A bit about HPO approaches

HPO is a method that helps solve the challenge of tuning hyperparameters of machine learning algorithms.

Outstanding ML algorithms have multiple, distinct and complex hyperparameters that generate an enormous search space. Plenty of start-ups choose to use deep learning in the core of their pipelines, and search space in deep learning methods is even larger than traditional ML algorithms. Tuning on a massive search space is a tough challenge.

To solve HPO problems, we need to use data-driven methods. Manual methods are not effective.

Many approaches have been proposed to tackle the HPO problem:

HPO — *Image from Automated Machine Learning: State-of-The-Art and Open Challenges*

We will discuss four main, most effective methods.

Bayesian Optimization

To understand BO, we should know a bit about the Grid search and random search methods (explained nicely in this paper). I’m just going to summarize these methods.

Let’s say that our search space consists of only two hyperparameters, one is significant and the other is unimportant. We want to tune them to improve the accuracy of the model. If each of them has 3 distinct values, the whole search space would be 9 possible choices. We could try each of them to find the best value for both hyperparameters.

grid layout — *Image from Random Search for Hyper-Parameter Optimization*

But as you can see in the figure above, Grid search was unable to find the best value for the important hyperparameter. One solution for this may be to go through the search space at random, much like the figure below.

random layout — *Image from Random Search for Hyper-Parameter Optimization*

Why is Bayesian Optimization effective?

The Random search eventually converges to the optimal answer, but this method is just such a blind search! Is there a smarter way to search? Yes – Bayesian optimization, suggested by J.Močkus. You can find more information about BO in this Bayesian Optimization Primer, and in Practical Bayesian Optimization of Machine Learning Algorithms.

In essence, Bayesian optimization is a probability model that wants to learn an expensive objective function by learning based on previous observation. It has two powerful features: surrogate model, and acquisition function.

In the figure above, you can see a nice explanation for Bayesian optimization based on the Hyperparameter Optimization chapter in Automated Machine Learning. In this figure, we want to find the true objective function which is shown as a dashed line. Imagine we have one continuous hyperparameter, and in the second iteration we observed two black points, then we fitted a surrogate model (regression model) that is the black line. The blue tube around the black line is our uncertainty.

We also have an acquisition function, which is the way we explore the search space for finding the new observation optimum value. In other words, the acquisition function helps us improve our surrogate model and select the next value. In the image above, the acquisition function is shown as an orange curve. An acquisition max means where the uncertainty is max and predicted value is low.

Pros and cons of Bayesian Optimization

The most important advantage for bayesian optimization is that it can operate very well with black box function.
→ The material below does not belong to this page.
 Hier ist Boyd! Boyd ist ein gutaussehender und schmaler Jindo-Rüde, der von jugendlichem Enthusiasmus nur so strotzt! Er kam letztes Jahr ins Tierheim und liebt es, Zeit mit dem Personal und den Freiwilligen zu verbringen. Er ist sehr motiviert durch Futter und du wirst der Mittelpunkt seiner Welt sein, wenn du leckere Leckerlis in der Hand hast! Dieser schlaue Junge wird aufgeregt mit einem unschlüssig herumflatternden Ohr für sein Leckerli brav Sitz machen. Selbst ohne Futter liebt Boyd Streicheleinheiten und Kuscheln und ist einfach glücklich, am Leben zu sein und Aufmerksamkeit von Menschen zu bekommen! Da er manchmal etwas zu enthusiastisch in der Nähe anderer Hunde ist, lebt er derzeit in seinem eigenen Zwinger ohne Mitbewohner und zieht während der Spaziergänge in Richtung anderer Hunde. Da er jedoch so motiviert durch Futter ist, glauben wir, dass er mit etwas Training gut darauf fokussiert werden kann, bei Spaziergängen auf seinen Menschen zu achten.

BO is also data efficient and robust with noise. But it can’t work well with parallel resources duo, because the optimization process is sequential.

Image from a talk by Marius Lindauer in the open data science conference

Implementations of Bayesian Optimization

It’s time to see some Bayesian Optimization implementations. I have listed the most popular ones:

Name of implementation	Surrogate model	Links
SMAC	Random Forest	Paper, GitHub
HYPEROPT	Tree Parzen estimator	Paper, GitHub
MOE	Gaussian Process	Paper, GitHub
scikit-optimize	Gaussian Proces, RF, etc.	GitHub

Multi Fidelity Optimization

In the Bayesian method, estimation of the objective function is very expensive. Is there any cheaper way to estimate the objective function? Multi Fidelity optimization methods are the answer. I’ll tell you about:

Successive halving
HyperBand
BOHB

As an extra resource, in the following video Andreas Mueller explained multi fidelity optimization methods very nicely.
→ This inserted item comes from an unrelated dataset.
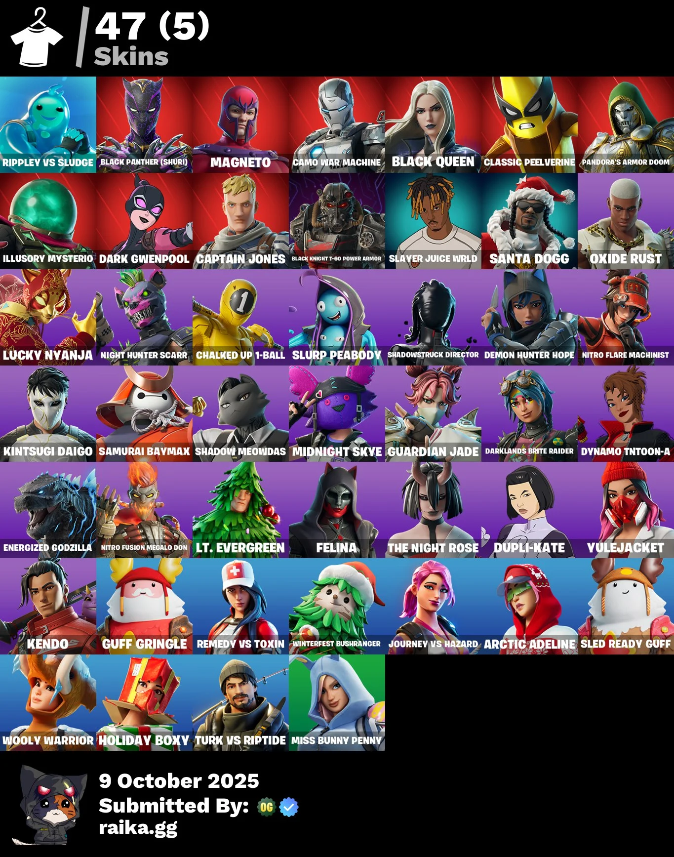 🔥 [PC/PSN/XBOX] 47 skins | Rippley vs Sludge | Black Panther (Shuri) | Magneto | Camo War Machine | Black Queen Bek140

Andreas Mueller: Applied Machine Learning 2019

Successive halving

Successive halving tries to give the most budget to the most promising methods. It assumes all configuration could be stopped early and validation score could be obtained.

Imagine you have N different configurations and ß budget (for example time). In each iteration, as you can see in the below image, successive halving keeps the best halve of the configurations and discards half of the algorithms that are not good. It will continue until we have just one single configuration. This method will be finished when it reaches the maximum of its budget.

Successive halving was originally proposed in Non-stochastic Best Arm Identification and Hyperparameter Optimization, written by Kevin Jamieson and Ameet Talwalkar.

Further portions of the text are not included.